After several long, trying days, Hartzke said the family made the tough decision to allow her father to be put on a ventilator.

“His body was too tired and his heart too weak,” Hartzke said. “We thought it was best for him to be put on the vent to give him a chance to rest and relax.

“My mom thought he was going to be a miracle, that after we put him on the vent, he was going to be OK. I prayed we would not have to make any more difficult decisions. But we had faith he was in the best hands and we had made the best decision.”

Just 12 hours later, though, he died, Hartzke said.

“I have never experienced any part of death with someone so close, so this was really hard – seeing the fear in his eyes. He was scared to die.

“The loss is hard, but we didn’t want to make Dad suffer and make the pain linger.”

Hartzke said her dad put up a strong fight against the virus, but it was too much.

“He was courageous, but COVID is a beast and a bully and will attack each part of your body that is weak,” she said.

After her father’s death, the family had to make another hard decision.

“We chose not to have a funeral because of COVID,” Hartzke said.

She said her family still takes measures to try to prevent getting the virus.

“Somehow, by the grace of God, my mom did not get it,” she said. “Doctors told us they didn’t understand how she didn’t get it. She’s a miracle; her health is 10 times worse.”

Hartzke said her mom recently got vaccinated.

“My hope is one family hears our story, hears our fear and protects their parents,” Hartzke said. “It’s affected our family so seriously; it’s been a year with this (COVID), and it’s still very scary.

“But my hope is at some time we get back to some type of normalcy. My kids wear masks. They are in school, but they’re not doing sports or going out to dinner. There’s so much we’re not doing, and it’s unfortunate.”

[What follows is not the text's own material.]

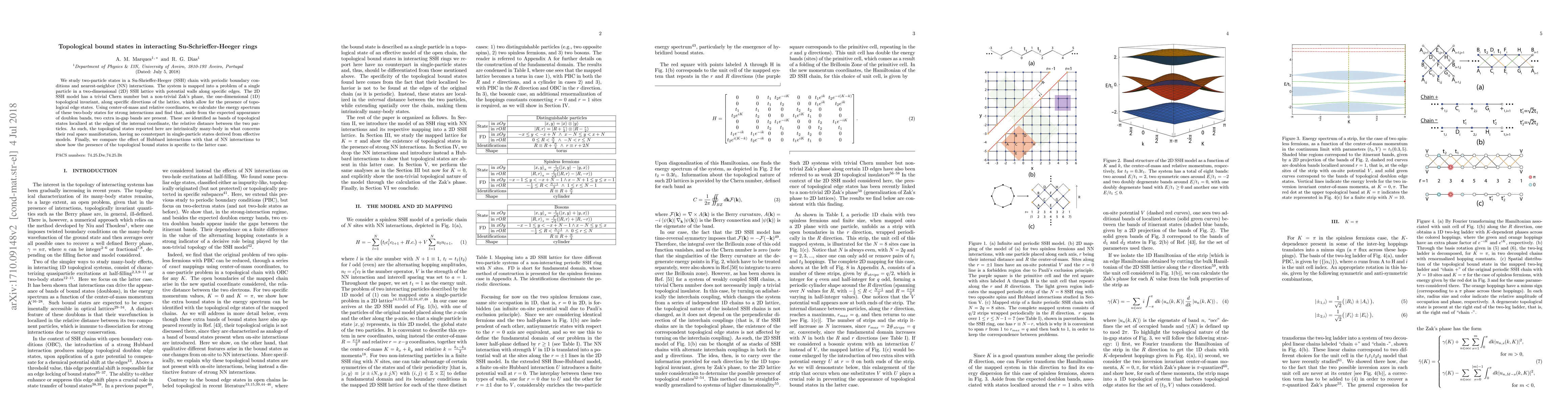We study two-particle states in a Su-Shrieffer-Heeger (SSH) chain with periodic boundary conditions and nearest-neighbor (NN) interactions. The system is mapped into a problem of a single particle in a two-dimensional (2D) SSH lattice with potential walls along specific edges. The 2D SSH model has a trivial Chern number but a non-trivial Zak's phase, the one-dimensional (1D) topological invariant, along specific directions of the lattice, which allow for the presence of topological edge states. Using center-of-mass and relative coordinates, we calculate the energy spectrum of these two-body states for strong interactions and find that, aside from the expected appearance of doublon bands, two extra in-gap bands are present. These are identified as bands of topological states localized at the edges of the internal coordinate, the relative distance between the two particles. As such, the topological states reported here are intrinsically many-body in what concerns their real space manifestation, having no counterpart in single-particle states derived from effective models. Finally, we compare the effect of Hubbard interactions with that of NN interactions to show how the presence of the topological bound states is specific to the latter case.

Hartzke said knowing how much her father loved his family gives them some solace.

“At the end, he would ask, ‘What did the kids get for Christmas? Did they open the presents I got them? Did they like them?’ He was so interested in what everyone else was doing. He was not worried about himself, saying, ‘Don’t worry about me; I’m doing fine.’

“My husband and I bought 7 acres last March (in Imperial near their current home) when COVID hit, and we’re in the process of building a house. One of the last things he said was, ‘I want to see the house and watch the kids play there.’ That was his last wish.”

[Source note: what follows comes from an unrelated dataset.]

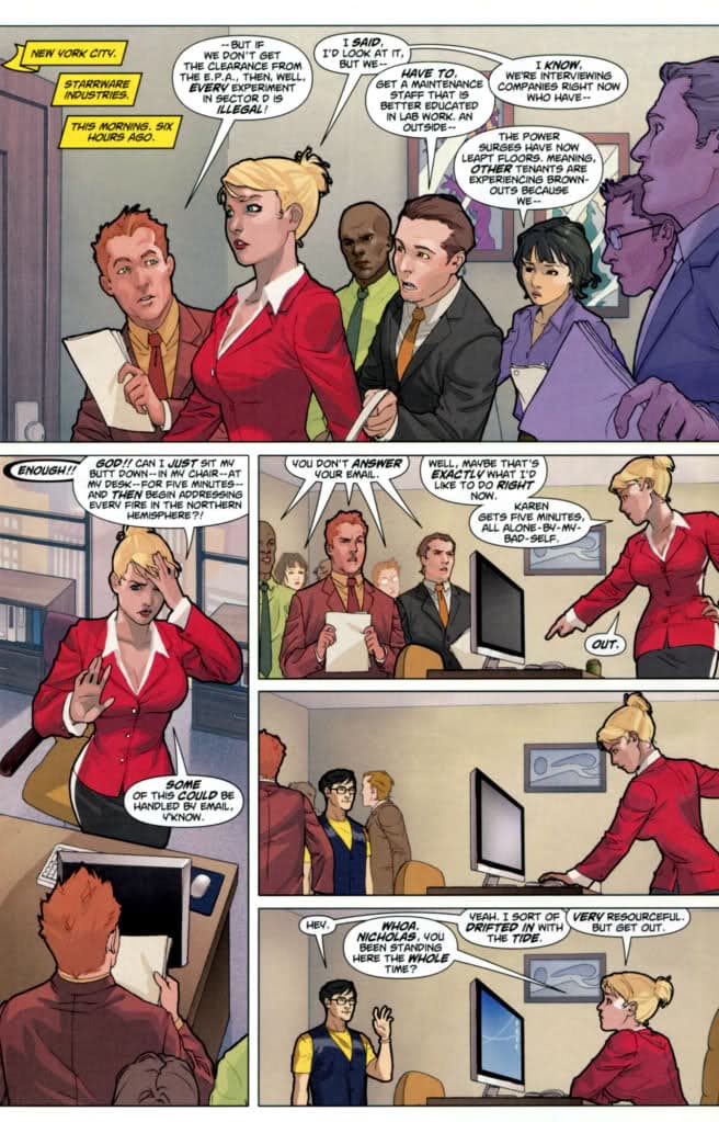 Karen Starr, es el nombre que Power Girl eligió para ocultarse de los humanos a simple vista. Karen es una programadora que aprendió sus conocimientos de computación a través de un tratamiento con el rayo púrpura de Wonder Woman. Como todo programador, por supuesto. Cuando Superman de Earth-Two se retiró, Power Girl tomó su lugar en la Justice Society y generó un profundo vínculo de amistad con Huntress, la hija de Batman y Catwoman.

Hartzke, a Fox High graduate and teacher at the Windsor Intermediate Center, and her husband, Jeff, have two children – son, Brady, 9, and daughter, Brooklyn, 4.

“Our idea is when we have finished the house, we’ll take Dad there. He was cremated, and we’ll take his ashes there and he can see the house and watch the kids play.”

Hartzke said her dad was a horse racing fan, so they would tell him, “You’re going to get through this, and we’ll see you at the finish line.

“I hope and I pray that somewhere we will be meeting him at the finish line, maybe when the house is finished.”

Hartzke said it’s still hard to believe her father is gone.

“No one is guaranteed tomorrow, but we never thought when Dad went in the hospital on Christmas Eve, he wouldn’t come home,” she said. “People ask us, ‘What can we do for you? Bring dinners, come to the house?’ We’re not ready for that, but we ask them to please pray for our family. We have lost our husband, dad and grandpa.

“We are sad without him, but I think he would be proud of me for sharing his story.”